Mesothelioma Patients Shouldn’t Sacrifice Health for Justice
- Legislation & Litigation
- May 18, 2012
In case you’ve missed our blog recently, we’ve been talking about marine veteran John Johnson’s asbestos case.
Johnson died hours after collapsing during his deposition. His family, doctor and lawyers believe that defense attorneys deliberately dragged out the process hoping he would die before the case ended.
This sad story exposes some ugly truths about the asbestos case process. But it doesn’t have to be that way.
Rules to Protect Plaintiffs
Johnson had finished being deposed. But the defendants told the court they needed more time to depose him.
Although he could hardly speak, Johnson mustered strength to appear for a few more days. How did the asbestos defendants use this time they claimed to need so much? They reportedly spent it repeating questions they had already asked earlier.
We’ve mentioned a few things that might have reduced or prevented Johnson’s suffering during discovery. These things include:
- Denying the defendants’ request for more time and holding them to the original deposition schedule;
- Taking a break from the deposition until his doctor cleared him to continue;
- Having the defendants submit any additional questions in writing; and
- Moving the deposition from the hotel conference room to Johnson’s home or somewhere he would have access to medical care.
Given the state of Johnson’s health, none of these options sound unreasonable. The question is whether court rules would allow them. Most discovery rules are flexible enough to avoid endangering an asbestos plaintiff’s health even further.
Limiting Deposition Time
A few weeks after Johnson died, California lawmakers introduced Assembly Bill No. 1875 to limit the amount of time available for depositions. In general, the legislation would limit depositions to seven hours per day.
But depositions for witnesses who are ill or older than 65 would be limited to no more than seven hours over two or more days.
A law like this could have protected Johnson. His deposition started in December. The trial date was scheduled for March. I suspect the 27 defense attorneys who attended the deposition were more than capable of adequately deposing Johnson and preparing for trial during that time.
A seven-hour limit wouldn’t have posed a real problem for them.
Last week the legislature moved A.B. No. 1875 to the “inactive file.” Its future isn’t clear, but let’s hope it or a similar rule is adopted before someone else the same injustice as Johnson.
So how else can you get justice without suffering abuses like Johnson experienced? Remember way back when we started this blog, I talked about forming a care team. Your attorney is part of that team along with your health care providers.
Here are some tips on getting your team to work for you:
- Ask your attorney what to expect. How long should you plan to be deposed? Where will you be deposed? Who is going to depose you? Find out the worst case scenario.

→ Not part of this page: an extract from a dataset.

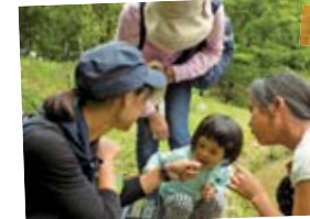
▲カナヘビを見つめる参加者

- Share the information with your doctor. Find out early if you can handle the deposition schedule and conditions without interfering with your health care.
- Work with your attorney and doctor to find out what you can reasonably handle. How can you be more comfortable during the deposition? How many days and hours can you be deposed without taking a break.
- Have your attorney communicate your needs to the defendants and the court as necessary. If accommodations need to be more for your health, demand them.
- Most of all, put your health first. Monitor you health. If the deposition becomes more than you can take, tell your attorney and doctor. Have them push for the accommodations you need.